# Lupita Nyong'o's Oscar lipstick



## SloanePeterson (Mar 3, 2014)

Just found out which color Best Supporting Actress Lupita Nyongo was wearing last night: Chanel Rouge Allure in Melodieuse!


----------



## Mayanas (Mar 3, 2014)

I didnt like her makeup, but i loved her dress.


----------



## User38 (Mar 3, 2014)

seriously?  that doesn't look like Melodieuse.. it's way too orange


----------



## SloanePeterson (Mar 3, 2014)

Well, what I do know is that as soon as the word got out it sold out on nordstrom in about 2.5 seconds.


----------



## User38 (Mar 3, 2014)




----------



## elegant-one (Mar 3, 2014)

HerGreyness said:


> seriously?  that doesn't look like Melodieuse.. it's way too orange


  I don't think so either, at least not in that picture.


----------



## Medgal07 (Mar 4, 2014)

Yesterday I was watching the Today Show, 4th hour and Bobbi Thomas held up a Chanel Lipstick and said, "this is Melodieuse, Chanel overnighted this to me, it's what 
Lupita Nyongo was wearing".  I agree that it looks different on her, perhaps because of her pigmentation.


----------



## elegant-one (Mar 4, 2014)

Medgal07 said:


> Yesterday I was watching the Today Show, 4th hour and Bobbi Thomas held up a Chanel Lipstick and said, "this is Melodieuse, Chanel overnighted this to me, it's what
> Lupita Nyongo was wearing".  I agree that it looks different on her, perhaps because of her pigmentation.


  I saw a picture in a magazine today while I was getting my hair done 
	

	
	
		
		

		
		
	


	




 & it looked much more like Melodieuse. Its very pretty on her.


----------



## User38 (Mar 4, 2014)

yay for Lupita.. she wears it well, if it's Melodieuse.. if not, ditto.


----------



## SloanePeterson (Mar 4, 2014)

Medgal07 said:


> Yesterday I was watching the Today Show, 4th hour and Bobbi Thomas held up a Chanel Lipstick and said, "this is Melodieuse, Chanel overnighted this to me, it's what
> Lupita Nyongo was wearing".  I agree that it looks different on her, perhaps because of her pigmentation.

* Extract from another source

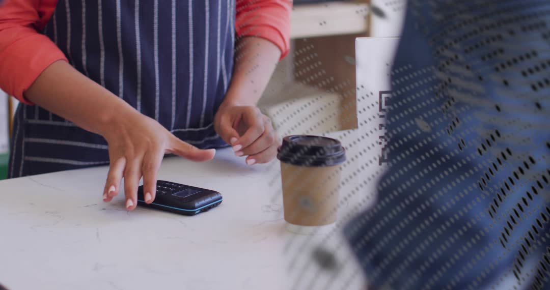 Video showing barista placing paper cup next to contactless card reader while customer tapping smartphone to complete QR payment. Foreground featuring dotted glass creating modern graphic pattern and adding visual depth. Close-up focusing on hands, striped apron, and countertop to convey fast casual hospitality and cashless transaction. Useful for fintech marketing, mobile wallet tutorials, cafe branding, point-of-sale demonstrations, retail training videos, social media ads, and blog headers about digital payments. Ideal for use in website hero banners, explainer videos, investor pitch decks, and on-screen overlays in e-learning modules.
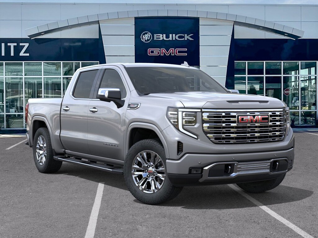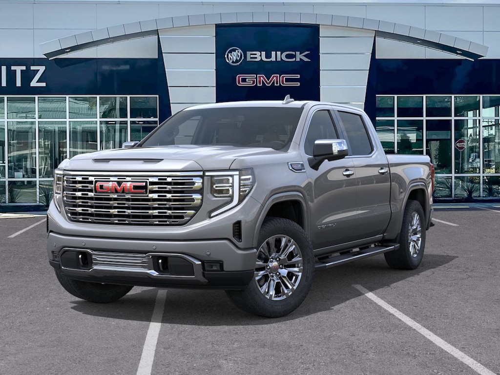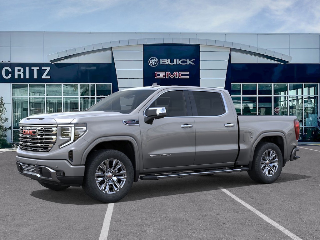 Sterling Metallic 2026 GMC Sierra 1500 Denali 4WD 10-Speed Automatic EcoTec3 6.2L V8 10-Speed Automatic, 4WD, Atmosphere/Brownstone Leather.

Thank you so much for confirming this! Whew! I was afraid I gave the wrong information!


----------



## User38 (Mar 4, 2014)

^ don't worry or be afraid.. be happy.  lol.

  no worries


----------



## Medgal07 (Mar 4, 2014)

elegant-one said:


> I saw a picture in a magazine today while I was getting my hair done
> 
> 
> 
> ...


    I guess the computer pics were also a factor in distorting the color. 

   I hope you didn't cut that gorgeous mane of yours!!!


----------



## elegant-one (Mar 4, 2014)

Medgal07 said:


> I guess the computer pics were also a factor in distorting the color.
> 
> I hope you didn't cut that gorgeous mane of yours!!!


  No way...its down to the low middle of my back now. Just a trim today. She knows that she is forbidden to take anymore than that off or 
	

	
	
		
		

		
		
	


	







  Yes, that ls looked very stunning on her in the magazine. Wonder if Chanel is wooing her for an ad campaign?


----------



## DILLIGAF (Mar 4, 2014)

She's already on Team Deborah Lippmann. She's personally done Lupita's nails for the awards season.


----------



## Medgal07 (Mar 4, 2014)

elegant-one said:


> No way...its down to the low middle of my back now. Just a trim today. She knows that she is forbidden to take anymore than that off or
> 
> 
> 
> ...


    Oh good...your hair is gorgeous.  I don't subscribe to the rules that say after a certain age (so old I can't remember what that was 
	

	
	
		
		

		
		
	


	




) you must cut your hair.
   To that I say phooey!!!

   That would be interesting if Chanel did that, but the darker Chanel foundation & powder shades just aren't selling for them...hence their decision to d/c many of their 
   darker foundations.  Strictly business.


----------



## Medgal07 (Mar 4, 2014)

DILLIGAF said:


> She's already on Team Deborah Lippmann. She's personally done Lupita's nails for the awards season.


 





Dilligaf!  Good to know.  I wonder if DL will come out with a shade called Nairobi Blue since Lupita said the color reminded her of Nairobi.


----------



## allthingsglam (Mar 5, 2014)

She looked stunning I'm not surprised the ls she was wearing sold out.i was watching her wondering what lipstick she has on her skin is flawless love


----------



## SloanePeterson (Mar 5, 2014)

DILLIGAF said:


> She's already on Team Deborah Lippmann. She's personally done Lupita's nails for the awards season.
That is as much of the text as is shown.